SEOUL, South Korea — North Korea fired three ballistic missiles into the sea Tuesday in a fiery answer to plans by Seoul and Washington to deploy a U.S. advanced missile defense system on the divided peninsula.
South Korea’s military said the missiles had sufficient range to reach any part of South Korea, including the Seongju region southeast of Seoul where the Terminal High-Altitude Area Defense system, known as THAAD, is to be stationed.
The salvo began at 5:45 a.m. with nearly back-to-back Scud missiles and was followed with a Rodong intermediate-range ballistic missile about an hour later, according to a statement from the U.S. Strategic Command.
Two of the missiles flew about 310 to 372 miles, a Joint Chiefs of Staff spokesman, Jeon Ha-kyu, told reporters. The military was analyzing how far the third missile flew, he said, revising an earlier statement that all three flew the above distance.
Jeon noted the timing of the launches.
“It can be interpreted as Pyongyang’s clear message that it can attack Seongju and any other part of South Korea,” he said.
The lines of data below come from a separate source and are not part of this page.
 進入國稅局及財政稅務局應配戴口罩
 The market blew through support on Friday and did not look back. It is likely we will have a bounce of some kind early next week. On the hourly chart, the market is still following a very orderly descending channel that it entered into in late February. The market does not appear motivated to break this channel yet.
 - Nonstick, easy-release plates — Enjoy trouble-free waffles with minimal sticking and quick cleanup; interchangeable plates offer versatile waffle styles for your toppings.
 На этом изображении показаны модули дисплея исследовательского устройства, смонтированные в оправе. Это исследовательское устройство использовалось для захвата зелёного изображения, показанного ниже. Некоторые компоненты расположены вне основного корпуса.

They were launched in the western city of Hwangju and flew across the country before crashing off the east coast in the Sea of Japan, officials said.
South Korea strongly condemned the launches, with the Foreign Ministry calling it “a blatant violation of relevant United Nations resolutions and a provocation threatening the safety and peace of the Korean Peninsula as well as the region.”
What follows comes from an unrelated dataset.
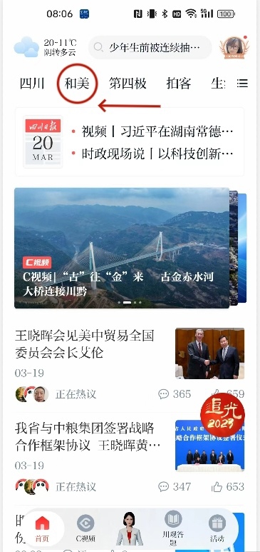 下载川观新闻客户端,关注“和美”频道,操作步骤如下:

Ministry spokesman Cho June-hyuck also said South Korea will take the necessary diplomatic steps to stiffen international pressure on Pyongyang, which already faces U.N. sanctions that were toughened after it conducted its fourth nuclear test in January.
Japanese Defense Minister Gen Nakatani also called the launches “an act of provocation that undermines regional and international security.”
“We absolutely cannot accept it,” he said, according to The Associated Press.
The North has issued a string of angry warnings since the U.S. said it was slapping leader Kim Jong Un with sanctions. Pyongyang also threatened last week to retaliate against THAAD with a “physical counter-action.”
Washington and Seoul say the anti-missile battery is needed to counter the growing threat from the North, which has test-fired several missiles in recent months.
Melissa Hanham, an expert on North Korean issues at the Middlebury Institute of International Studies at Monterey, Calif., said the launches appeared political in nature.
“Every missile test will give you some technical information that can be useful,” she said in a telephone interview. “That being said, the timing of it, the range and the number of them right after the THAAD announcement probably makes this largely a political test rather than a technical test.”
The two Koreas remain technically at war since a 1950-53 war ended with an armistice instead of a peace treaty. The U.S. maintains about 28,500 servicemembers in the South.